Efficient Diffusion Models for Symmetric Manifolds¶

Conference: ICML 2025
arXiv: 2505.21640
Code: None
Area: Diffusion Models / Manifold Generative Models
Keywords: Symmetric Manifolds, Riemannian Diffusion Models, Heat Kernel Bypassing, Itô's Lemma, Sampling Guarantees

TL;DR¶

This paper proposes an efficient diffusion model framework on symmetric manifolds (tori, spheres, SO(n), U(n)), which bypasses heat kernel computation through the projection of Euclidean Brownian motion and Itô's lemma, reducing training complexity from exponential to nearly linear, and providing polynomial-class sampling accuracy guarantees.

Background & Motivation¶

Data in many applications (robotics, drug discovery, quantum physics) are naturally constrained on non-Euclidean manifolds, such as tori $\mathbb{T}_d$, spheres $\mathbb{S}_d$, special orthogonal groups SO(n), and unitary groups U(n) ($d \approx n^2$).

Key bottlenecks faced by existing manifold diffusion models:

Problem	Euclidean Space	On Manifold
Heat Kernel Computation	Closed-form (Gaussian)	No closed-form, requires $2^d$-level summation
Gradient Computation	$O(1)$ times	$O(d)$ times (ISM objective requires Riemannian divergence)
Forward Sampling	Direct Gaussian sampling	Requires SDE/ODE solvers
Per-iteration Compute	$O(d)$	Exponential or $O(d)$ gradients

Goal: Narrow the gap between manifold and Euclidean diffusion models in training efficiency and sampling guarantees.

Method¶

Overall Architecture¶

Core Idea: Introduce a diffusion model with spatially-varying covariance, allowing the forward diffusion to be represented as Euclidean Brownian motion projected onto the manifold via a projection map $\varphi$.

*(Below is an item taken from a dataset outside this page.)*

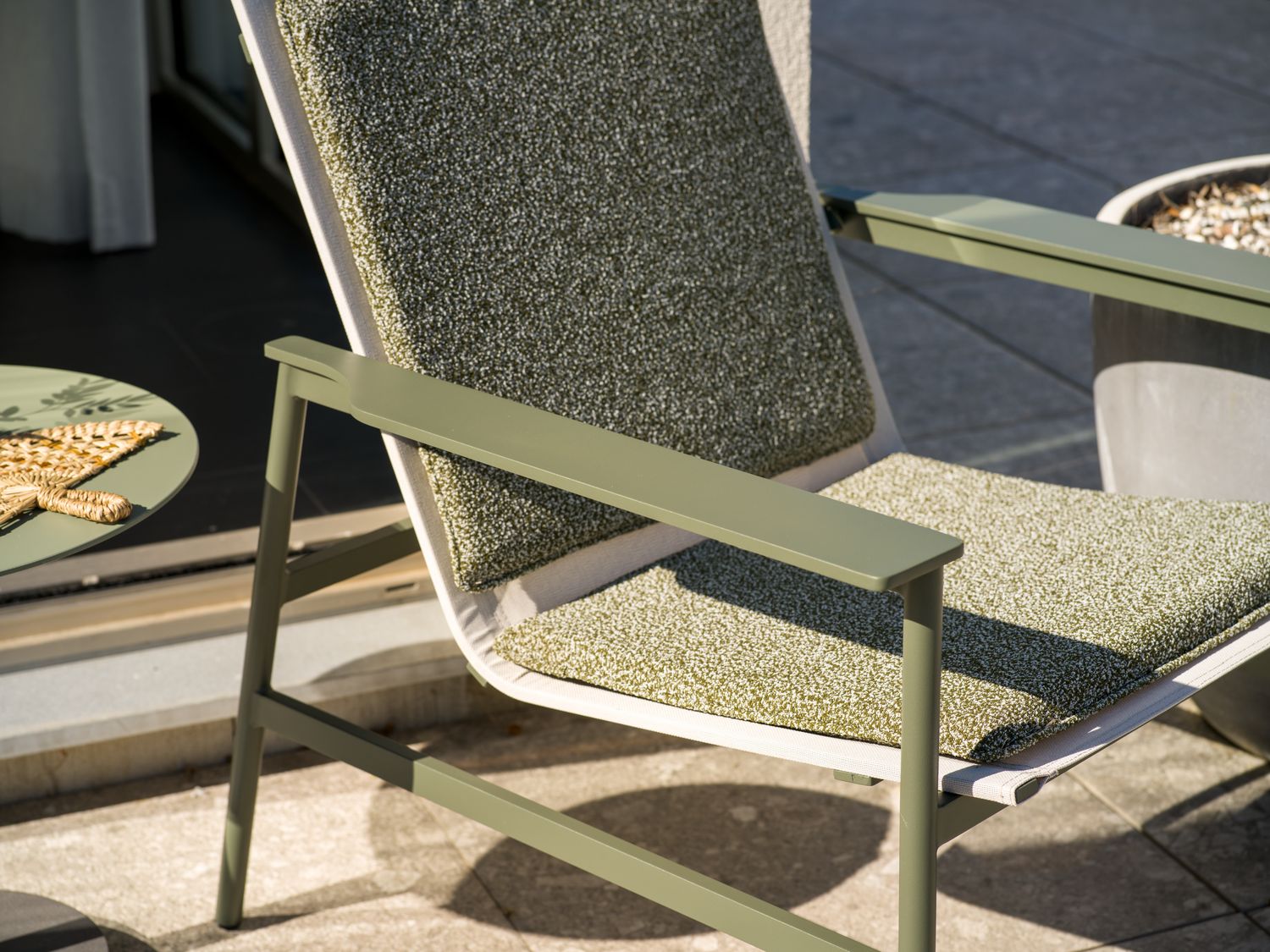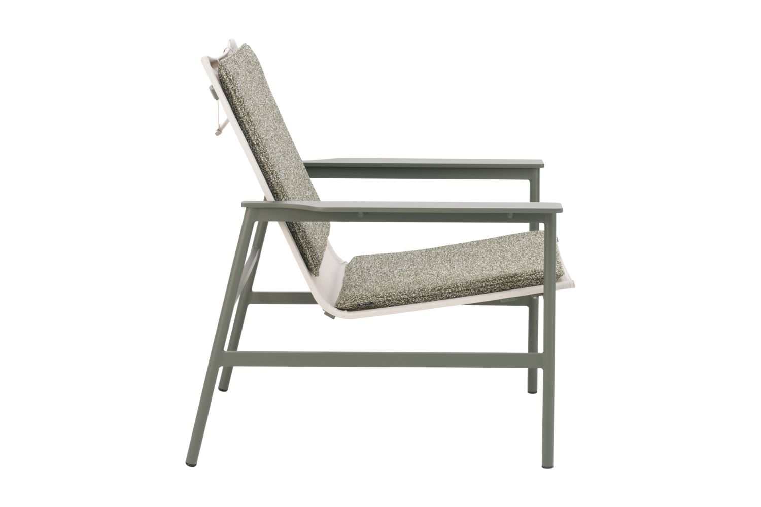 Soro bietet Komfort – egal ob allein stehend oder als Teil einer Sofagruppe. Der einladende Sessel hat breite Armlehnen und weiche Kissen aus Stoff mit federnder Füllung. Das Rückenkissen wird mit einer Gewichtsstütze an Ort und Stelle gehalten, und der Sitz aus Textilene sorgt für ein luftiges Gefühl. Das Ergebnis ist ein Sessel, der immer zum Entspannen einlädt.

Forward Process: - Run an Ornstein-Uhlenbeck process $Z_t$ in $\mathbb{R}^d$ - Project to the manifold: $X_t := \varphi(Z_t)$ - Since the OU process has a closed-form Gaussian transition kernel, forward sampling does not require an SDE solver

Reverse Process: Project the reverse SDE in $\mathbb{R}^d$ onto the manifold via Itô's lemma: $$dY_t = f^\star(Y_t, t)dt + g^\star(Y_t, t)dB_t$$

Key Designs¶

1. Choice of Projection Maps¶

Manifold	Projection Map $\varphi$	Computational Complexity
Torus $\mathbb{T}_d$	$\varphi(x)[i] = x[i] \mod 2\pi$	$O(d)$
Sphere $\mathbb{S}_d$	$\varphi(x) = x/\\|x\\|$	$O(d)$
SO(n) / U(n)	Spectral decomposition $U^*\Lambda U$, take $U$	$O(n^\omega)=O(d^{\omega/2})$

where $\omega \approx 2.37$ is the matrix multiplication exponent.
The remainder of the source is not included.